Artificial Neural Network based Cluster Head Selection in Wireless Sensor Network
Author(s) -
Siddhi Sharma,
Deepak Sethi,
Prasun Bhattacharya
Publication year - 2015
Publication title -
international journal of computer applications
Language(s) - English
Resource type - Journals
ISSN - 0975-8887
DOI - 10.5120/21058-3710
Subject(s) - computer science , network packet , wireless sensor network , computer network , base station , cluster (spacecraft) , network topology , artificial neural network , head (geology) , energy consumption , real time computing , artificial intelligence , geomorphology , geology , ecology , biology
The dispersed nature and vibrant topology of wireless sensor network have some basic requirements that include reduced energy utilization and extended network’s lifetime.
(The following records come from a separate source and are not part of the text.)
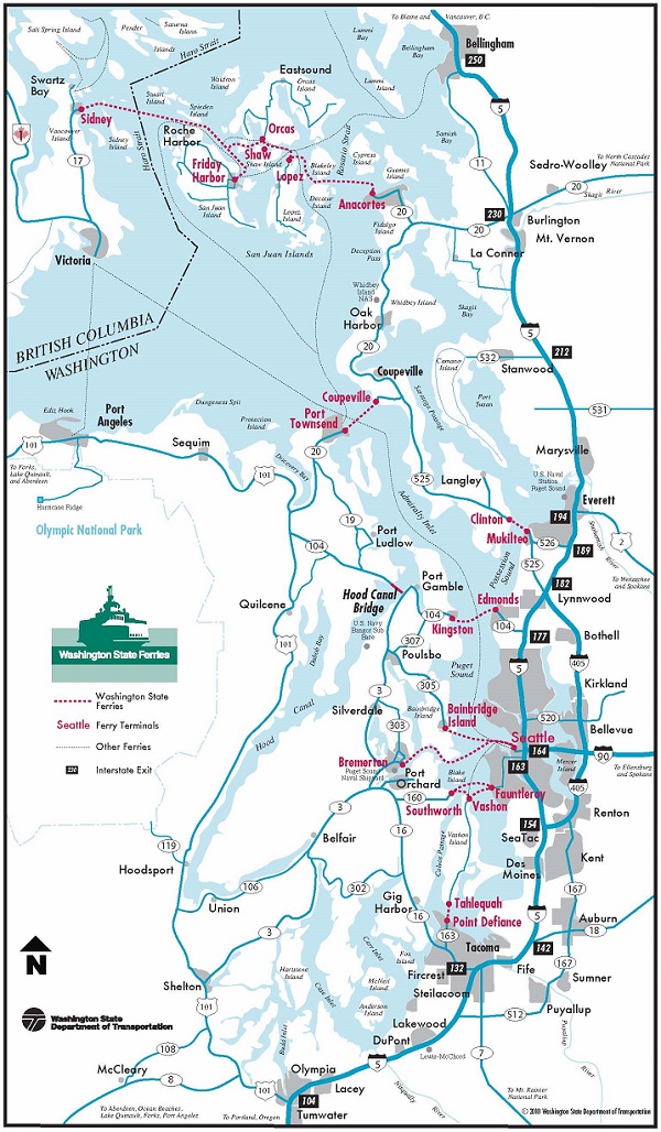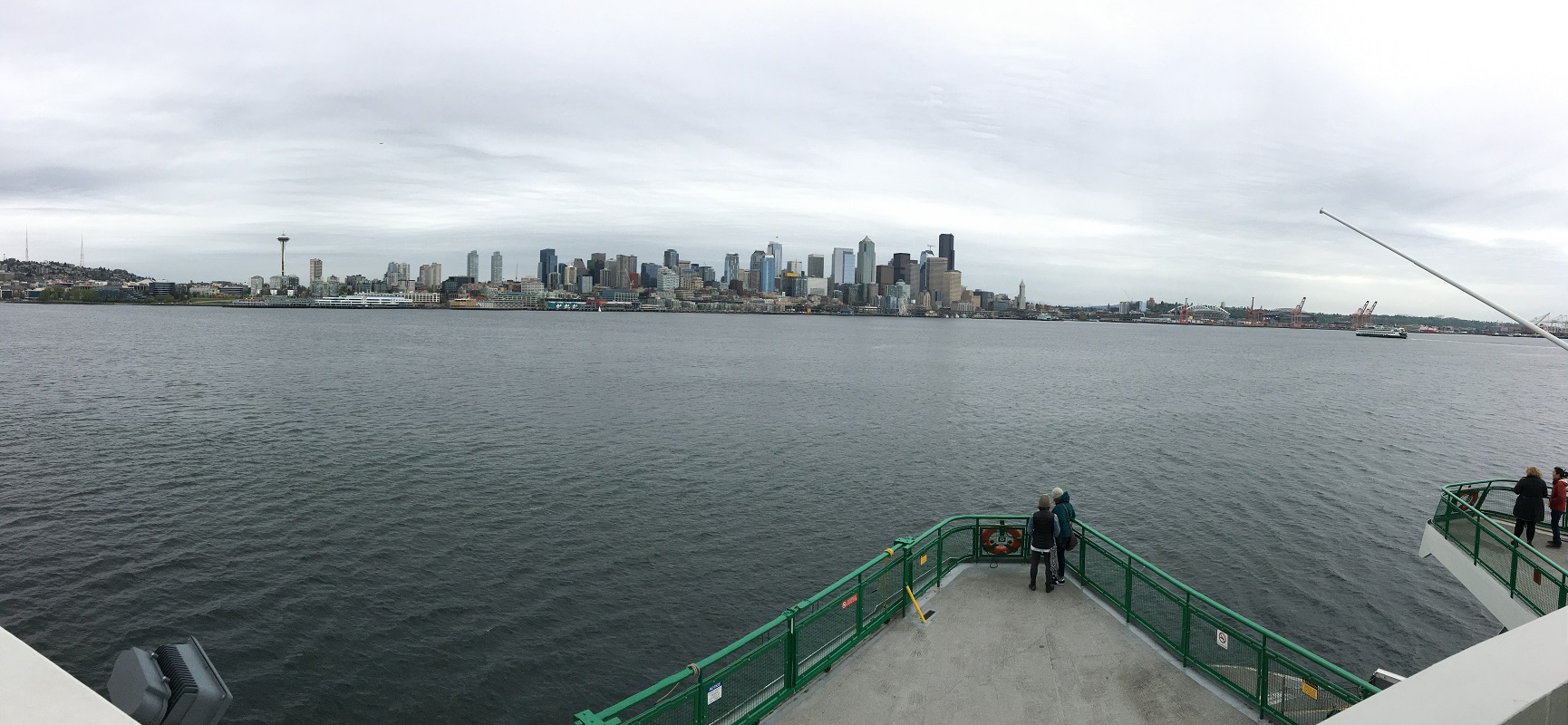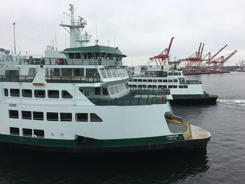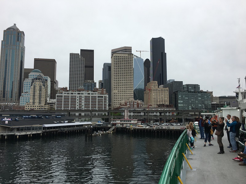Washington State Ferries operates the largest ferry system in the United States. It runs ten routes serving 20 terminals located around Puget Sound and in the San Juan Islands. The agency maintains 22 vessels, carrying 24.2 million passengers in 2016.The newest Washington state ferry, Chimacum, joined the fleet on Friday, April 7. It is the third Olympic Class ferry and can carry 144 cars and 1,500 passengers. The name Chimacum (CHIM-a-cum), honors the Chemakum tribe’s gathering place, which is now the present day town of Chimacum near Port Townsend.This is a departure picture from the ferry Tacoma, on our way to Bainbridge Island. Look for a new building called The Mark in the background, just left of the tall black Columbia Tower, now nearing completion.The view of the Seattle downtown skyline from way back. The cruise season is just getting started. There is a Holland America cruise ship just to the right of the Space Needle getting ready to set sail for Alaska.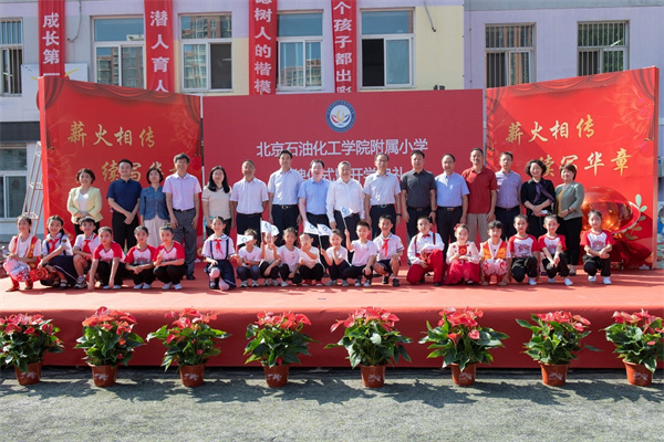 9月1日上午,北京石油化工学院附属小学揭牌仪式暨“薪火相传永赓续 合众前行再启航”开学典礼举行。学校党委常委、副院长靳海波,党委常委、对外合作处处长何晓红等相关领导,大兴区政协副主席、教委主任赵建国等相关领导及枣园小学领导师生共约500余人参加仪式活动。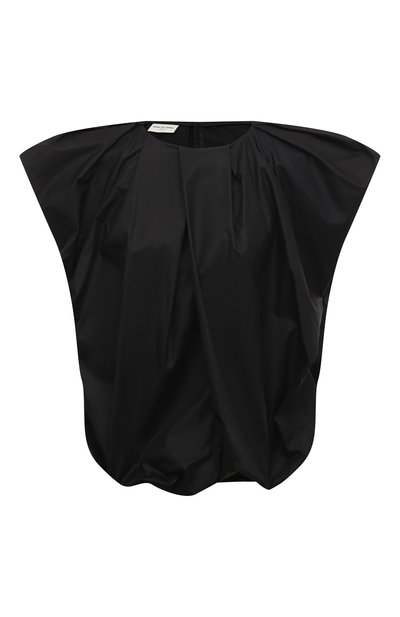 Для изготовления черного топа с акцентированной линией плеч Дрис ван Нотен выбрал мягкий шелковистый хлопок. Отсутствие декора дизайнер компенсировал складками, которым блеск материала придает дополнительный визуальный объем. Мы предлагаем носить такую модель с брюками в тон, завершив образ серебристыми мюлями и сумкой.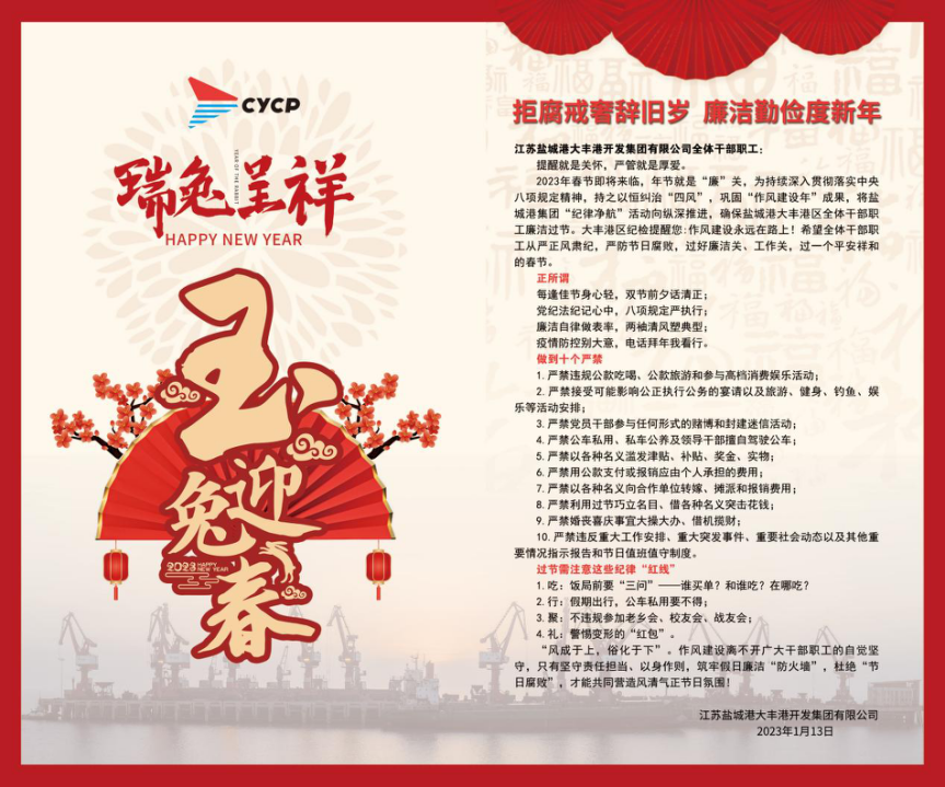 為營造春節前后風清氣正、平安祥和的良好氛圍,大豐港開發集團紀檢緊盯節前、節中、節后重要環節,打好節點“四風”五步走組合拳。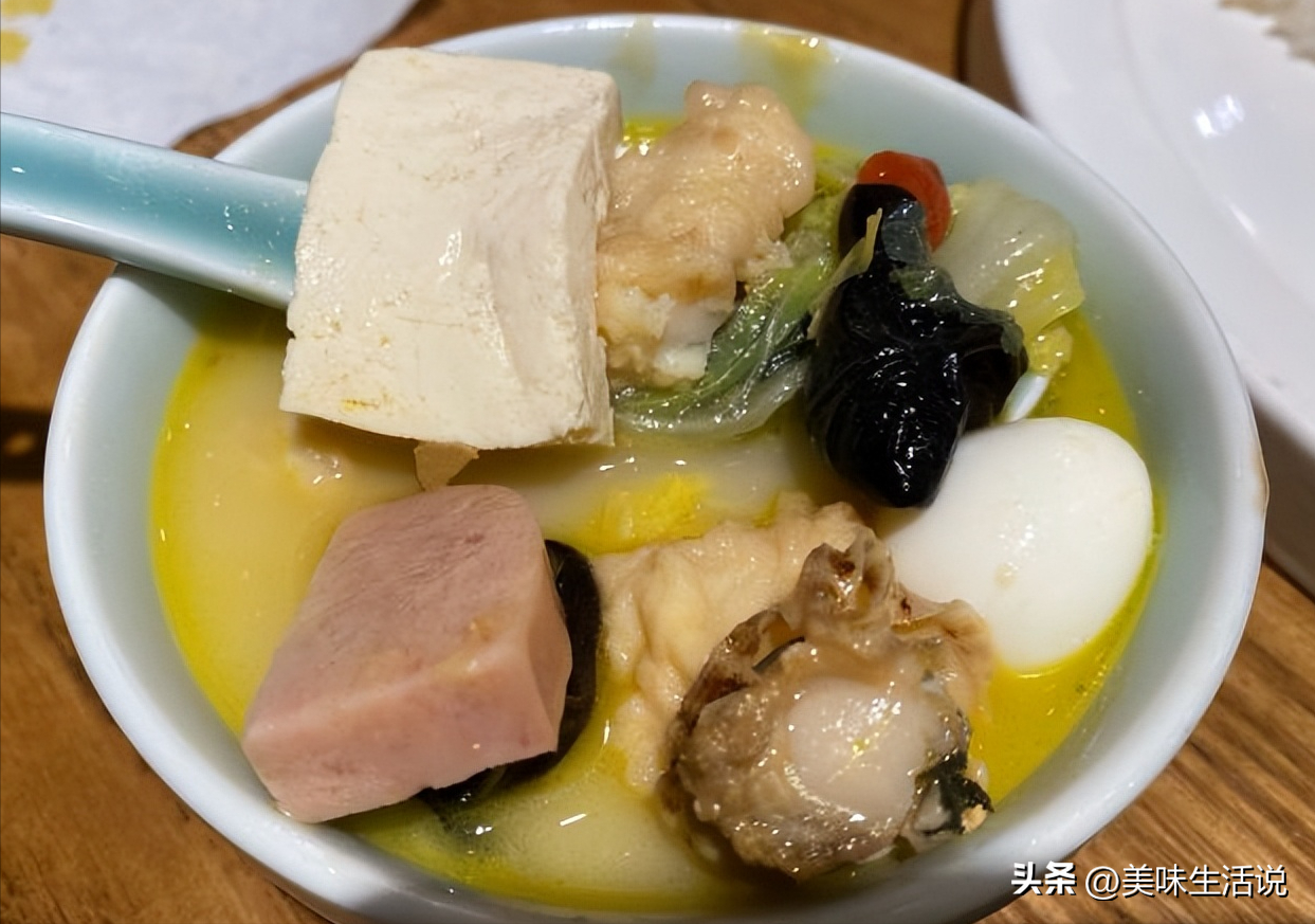 食材非常丰富的一道菜,味道好!汤汁浓郁,白菜鲜美软嫩,炸鱼肉,炸小肉,扇贝肉,火腿,炸虾仁,午餐肉、鹌鹑蛋等,一锅烩出来,又各自保留自己的味道,互不干扰,又相得益彰,好吃必须推荐!

In this paper, we have focused on hierarchical protocols. In such protocol the nodes are arranged in clusters. To synchronize action and route data, cluster head are selected one per cluster. We have introduced a new approach in wireless sensor network for selecting the cluster-head by making use of artificial neural network in order to increase network’s lifetime. We have used residual energy as a factor to make cluster-head. Radial basis function network model is used for cluster-head selection problem. The simulation results provide network’s performance on the basis of some factors including number of dead nodes, total energy consumption, cluster head formation, number of nodes dying and the number of packets transferred to base station and cluster head. The performance of the proposed algorithm is compared with LEACH and LEACH-C based on energy efficiency and improved network lifetime.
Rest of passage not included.